Exactly as written, write out the lines below from the first to the one containing "夜幕低垂,星光闪烁,水博园在", inclusive. Pictures do not belong in the copy.
*** Information provided ***
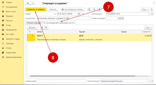 Последним шагом становится подтверждение процедуры. Пользователь кликает на надпись «Записать». В 1С 8.3 можно создать неограниченное количество проводов по пеням и штрафам.
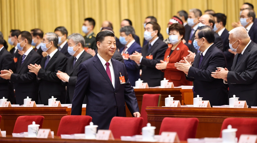 习近平、李克强、汪洋、王沪宁、赵乐际、韩正、王岐山和大会主席团成员在主席台就座。
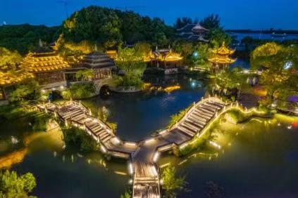 夜幕低垂,星光闪烁,水博园在夏夜绽放出了别样的光彩。灯光秀和技术将整个江南古典园林转变为巨大的视觉艺术画布,披上了层层光影。黄浦江边的古桥、古树、古建筑作为水博园的特色元素,新增了立体多维体验场景,给游客呈现出了一场令人印象深刻的夜色穿越之旅,使夜间游览变得更加生动有趣。
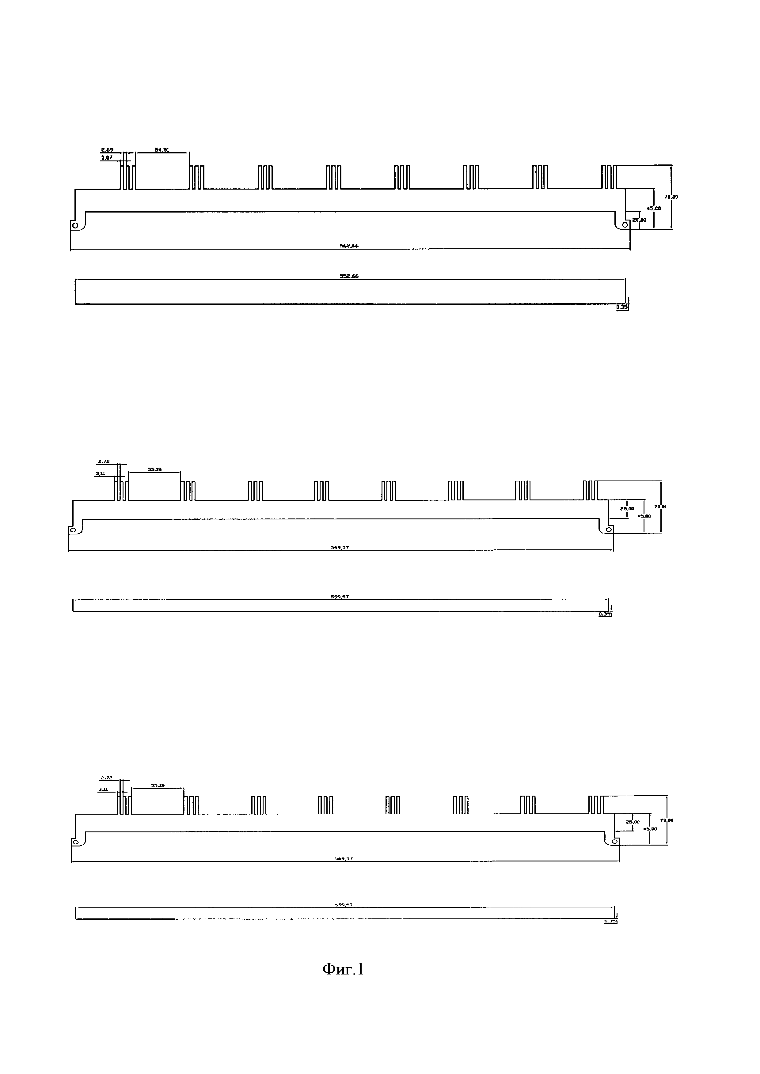 Изобретение относится к электротехнике, преимущественно к изготовлению электрических машин. Оно может быть использовано, например, в двигателе тягового электропривода и мотор-колесе с совмещенной обмоткой «Славянка». Известен способ соединения выводов секций или катушек обмоток электрических машин, заключающийся в параллельном или последовательном соединении выводов между собой с помощью сварки или пайки их с последующим изолированием путем обмотки вручную лентой или надевания изолирующих трубочек. Этот способ трудоемок, отличается низким качеством соединения и большим расходом электроизоляционных материалов. Известны способ и устройство соединения (а.с. СССР №249456, опубл. 15.11.75, бюл. №42 - аналог и прототип), снижающие объем ручного труда и расход материалов при одновременном повышении качества и надежности соединения выводов, при этом отпадает надобность в обвязке благодаря прочности соединения и отсутствию на лобовых частях изолированных соединений и катушек. В этом способе на торце статора размещают соосно шайбы из электрокартона с отверстиями, в них устанавливают медные перемычки в виде проволочных скоб, спинки которых зажаты кольцевыми частями шайб, а концы выводят наружу и с помощью сварки соединяют с выводами катушек и сетью питания. Недостаток этого способа заключается в том, что в случае совмещенных обмоток (звезда в треугольнике) и большого числа пар полюсов, например, 2p=16 и более, использование указанного способа с технической точки зрения затруднено, а большое количество необходимых скоб увеличивает толщину лобовой части до неприемлемого уровня. Технический результат предлагаемого изобретения заключается в повышении эксплуатационных характеристика синхронной машины за счет выравнивания величин электрического сопротивления секций и катушек обмотки. Кроме того, снижается трудоемкость сборки обмотки статора за счет сварки или пайки выводов секций или катушек, возможной механизации и автоматизации, повышается надежность соединений и теплоотвод обмотки. Указанный технический результат достигается тем, что устройство для соединения электрических элементов машины электрической вращающейся включает изолирующие слои, проводники между ними и контактные соединения (отводы) контактов. Устройство многослойное, в отличие от прототипа содержит пластинчатые проводники, разделенные изолирующими слоями в виде сэндвич-структуры. Устройство имеет цилиндрическую форму в виде обечайки при соосном монтаже ее на корпус машины или форму плоского кольца при монтаже ее на торце корпуса и соответственно фазам питающей цепи состоит как минимум из трех проводящих слоев. Монтаж устройства желательно осуществлять с обеспечением теплового контакта с корпусом. Для первого варианта монтажа плоскостная развертка изолирующих слоев имеет вид прямоугольника (Фиг. 1), для второго варианта каждый из этих слоев имеет вид шайбы. Проводящие слои имеют контактные лепестки (отводы), соединенные с обмоткой и другими электрическими элементами машины и выступающие за пределы одного из внешних краев изолирующих слоев (Фиг. 2, 3) напротив соответствующих фазных выводов секций и катушек обмотки, а также вблизи других элементов машины так, что каждый проводящий слой из указанных первых трех является общей цепью каждой фазы и
***
__Task solution__:
 Последним шагом становится подтверждение процедуры. Пользователь кликает на надпись «Записать». В 1С 8.3 можно создать неограниченное количество проводов по пеням и штрафам.
 习近平、李克强、汪洋、王沪宁、赵乐际、韩正、王岐山和大会主席团成员在主席台就座。
 夜幕低垂,星光闪烁,水博园在夏夜绽放出了别样的光彩。灯光秀和技术将整个江南古典园林转变为巨大的视觉艺术画布,披上了层层光影。黄浦江边的古桥、古树、古建筑作为水博园的特色元素,新增了立体多维体验场景,给游客呈现出了一场令人印象深刻的夜色穿越之旅,使夜间游览变得更加生动有趣。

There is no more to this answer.